Regression Assumption 3: Homoscedasticity Regression assumes that the standard deviation of observation does not change over the independent variables. The violation of homoscedasticity assumption is called heteroscedasticity. It refers to the situation where standard deviation of the sample changes over time.

Heteroscedasticity Heteroscedasticity can be detected by plotting residuals over time or over any of the independent variables. If the dispersion of residuals is increasing or decreasing, then the assumption may be violated. Figure shows a situation where residuals are increasingly becoming larger as values of independent variable increases. The plot of residuals over time suggests that the variation in residuals is changing over time; we are getting less accurate (bigger residuals) over time. The Q-Q plot also shows violation of normal assumption. The variance of the error terms has increased over time.

Regression Assumption 4: Model Form is Correct A key assumption of regression is that the model form is correct and only parameters of the model need to be estimated from data. This is not always correct.

Is Model Form Correct? If the linear assumption of linear relationship between the model and the dependent variable is correct, then you would expect to see a linear relationship between Y and model predictions.
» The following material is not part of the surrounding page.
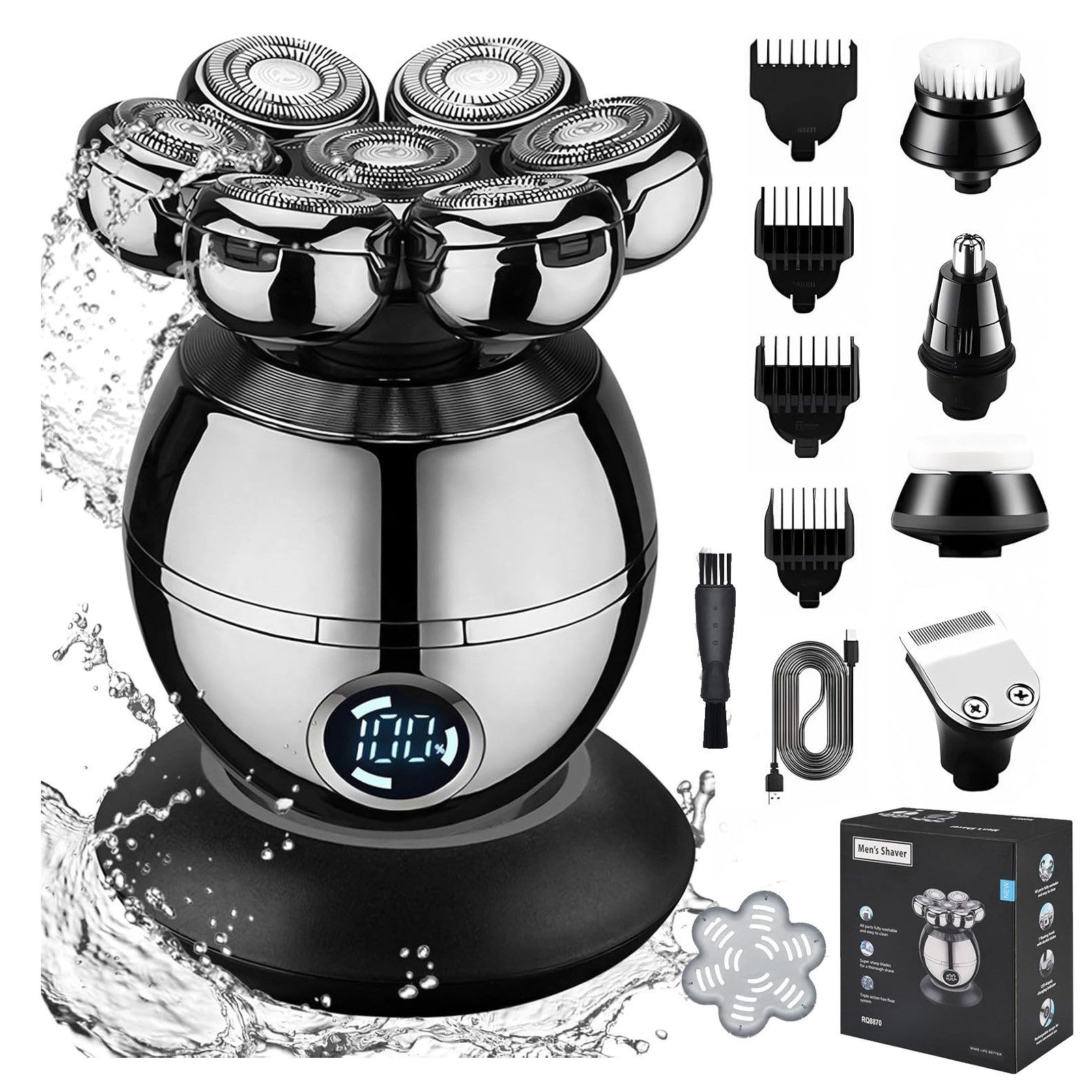 Lieferumfang | 1 x 7D Rotationsrasierer 1 x Haarschneidekopf 1 x Nasen-/Ohrentrimmer 1 x Gesichtsreinigungsbürste 1 x Gesichtsmassage-Bürste 4 x Begrenzungskämme 1 x Kabellose Ladestation 1 x Typ-c-Ladekabel |

Is Model Form Correct? This is not always the case. Here we see a non-linear relationship between regression and the dependent variable.
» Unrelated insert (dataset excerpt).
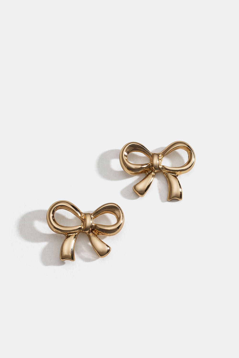 Små dekorative øreringe i guldfarvet metal i form af sløjfer.

Is Model Form Correct? Here again we see another non-linear relationship. Here the true relationship is exponential.

Is Model Form Correct? Here again we see another non-linear relationship. The shape of diagnostic plots can tell us whether the linearity assumption is met. The easiest way to see this is X-Y plots, such as Q-Q plot may also be necessary to see the violations of linearity assumption.

If Non-Linear Transform Data before Regression If the relationship between dependent and independent variables is not linear, then data should be transformed before completing the regression.

If the dependent variable is a function of a constant to the power of the independent variable, then log of the dependent variable will be linearly related to the independent variable. The left hand side shows the relationship between Y and X before transformation. It is not linear. The right hand side shows the relationship between log of Y and X, now it is linear. This example shows the importance of transforming the data before doing a linear regression.

If the dependent variable is a function of independent variable taken to a power, then log of the dependent variable will be linearly related to the log of the independent variable. The left hand side shows the relationship between Y and X before transformation. It is non linear. The right hand side shows the relationship between log of Y and log of X, now linear. This example shows the importance of transforming the data before doing a linear regression.

If the dependent variable is a function of 1 divided by a linear function of independent variable, then 1 divided by Y is linearly related to the independent variable. The left hand side shows the relationship between Y and X before transformation. It is non linear. The right hand side shows the relationship between inverse of Y and X, now linear. These examples show the importance of transforming the data before doing a linear regression.

Find the Best Fit In practice, the relationship between X and Y is not known. It may make sense to fit several different equations to the data so the linearity of the data can be assumed. Excel can be used to create a scatter plot. In scatter plot, a trend line equation can be fitted to the data. Polynomial, power, logarithmic, and exponential are examples of trend line that can be fitted to the data within Excel. Once the best fitted line has been determined then the right transformation of the data can be established.

Regression assumptions must be verified To use ordinary regression, verify assumptions and transform data.